→ **GOAL OF THE EXERCISE**: With pictures excluded, copy word for word the lines in the data below from the line containing "Ponúkam na predaj" through the line containing "Women Swimsuit Plus".

→ **LISTED RECORDS**:
╔══
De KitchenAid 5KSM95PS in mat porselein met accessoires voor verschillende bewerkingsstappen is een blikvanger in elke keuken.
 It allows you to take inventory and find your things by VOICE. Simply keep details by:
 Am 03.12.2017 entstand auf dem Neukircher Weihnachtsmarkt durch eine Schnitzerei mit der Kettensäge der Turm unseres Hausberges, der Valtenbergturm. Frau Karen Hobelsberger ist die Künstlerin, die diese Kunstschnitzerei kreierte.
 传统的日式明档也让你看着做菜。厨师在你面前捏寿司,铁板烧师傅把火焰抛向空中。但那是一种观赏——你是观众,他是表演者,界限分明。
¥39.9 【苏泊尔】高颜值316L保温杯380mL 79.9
╚══
╔══
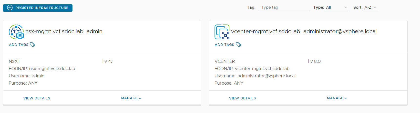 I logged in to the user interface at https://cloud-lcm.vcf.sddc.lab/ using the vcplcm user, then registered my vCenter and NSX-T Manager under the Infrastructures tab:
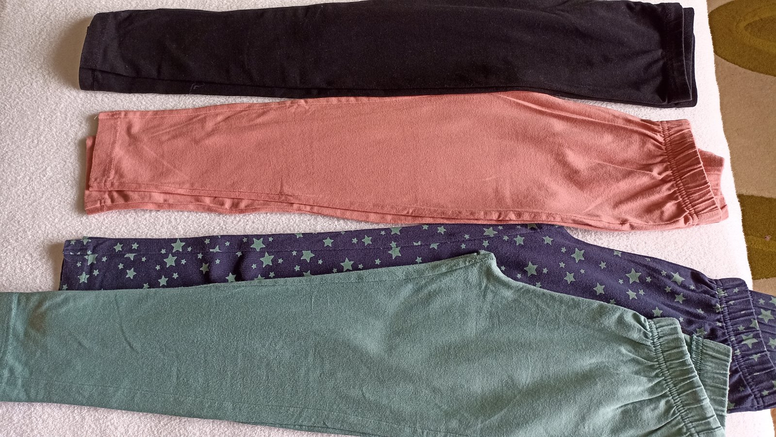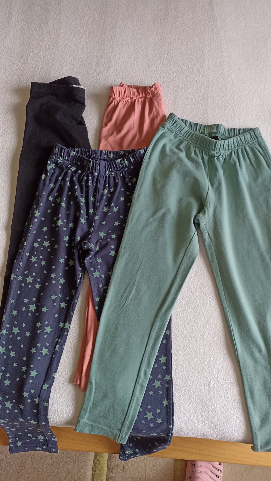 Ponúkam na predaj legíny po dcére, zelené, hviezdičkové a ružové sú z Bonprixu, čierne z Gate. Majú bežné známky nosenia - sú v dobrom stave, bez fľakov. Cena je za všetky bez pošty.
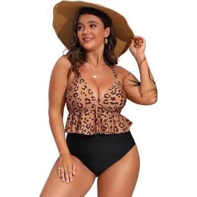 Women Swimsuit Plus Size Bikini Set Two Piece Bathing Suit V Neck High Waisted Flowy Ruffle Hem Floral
╚══
→ **SOLVED PROBLEM**:
 Ponúkam na predaj legíny po dcére, zelené, hviezdičkové a ružové sú z Bonprixu, čierne z Gate. Majú bežné známky nosenia - sú v dobrom stave, bez fľakov. Cena je za všetky bez pošty.
 Women Swimsuit Plus Size Bikini Set Two Piece Bathing Suit V Neck High Waisted Flowy Ruffle Hem Floral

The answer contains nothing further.